On Thu, Jul 6, 2023 at 4:02 PM Eduardo Alarcón <ealarcong at gmail.com> wrote:

> El jue, 6 jul 2023 a las 12:16, David Bernat (<david.bernat at gmail.com>)
> escribió:
>
> > At the risk of being rude, Eduardo Alarcón, (and me top-commenting),
> please
> > do not thread-hijack.
> >
> How is this thread-hijack? do you remember this is a mailing list, right? i
> have done something similar to what you want to do, so i'm telling you what
> i did to help.
>
>
> Carl Zwanzig and I are having a very careful conversation and I wish to
> > continue with him.
> > The use of the SEGMENT command requires re-encoding, in my experience,
> even
> > though each segment can be set to go from keyframe to keyframe.
> > If this is incorrect, I look to Carl Zwanzig for more information at this
> > time, commiserate with my detailed reply.

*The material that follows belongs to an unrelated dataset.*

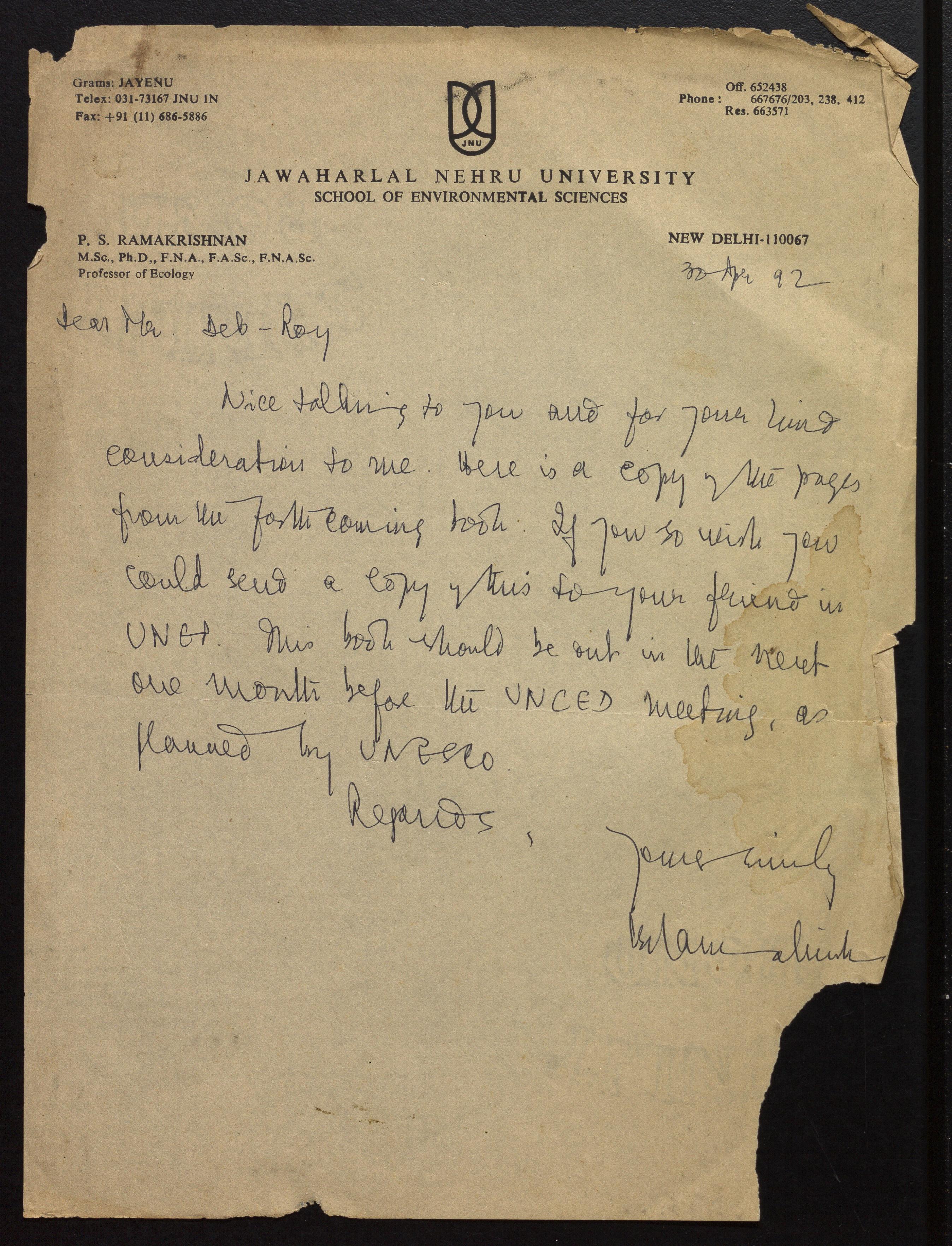 Copyright may not have been assigned to Archives, National Centre for Biological Sciences. The Archives at NCBS makes no representation that it is the copyright owner in all of its collections. The user must obtain all necessary rights and clearances before use of material and material may only be reproduced for academic and non-commercial use. See: https://archives.ncbs.res.in/access. In its capacity as an academic and educational centre, the Archives at NCBS is making digital objects available online for open viewing and research purposes. If you are the rightsholder or a representative of the rightsholder and would like to restrict access to any digital object displayed, please do reach out to us: https://archives.ncbs.res.in/takedown

Thank you both.
> >
>
> As per example on the documentation, it doesn't require re-encoding :
>
> Segment the input file, and create an M3U8 live playlist (can be used as
> live HLS source):
> ffmpeg -re -i in.mkv -codec copy -map 0 -f segment -segment_list
> playlist.m3u8 -segment_list_flags +live -segment_time 10 out%03d.mkv
>
> You can use -codec copy and do not need to reencode, ffmpeg will try find
> the closet keyframe to the segment time you defined without re-encoding, as
> you asked.
>
>
You are correct, and I am wrong. This segmentation method does seem to do
the similar segmentation
as my use of copy at key_frames, and is much faster.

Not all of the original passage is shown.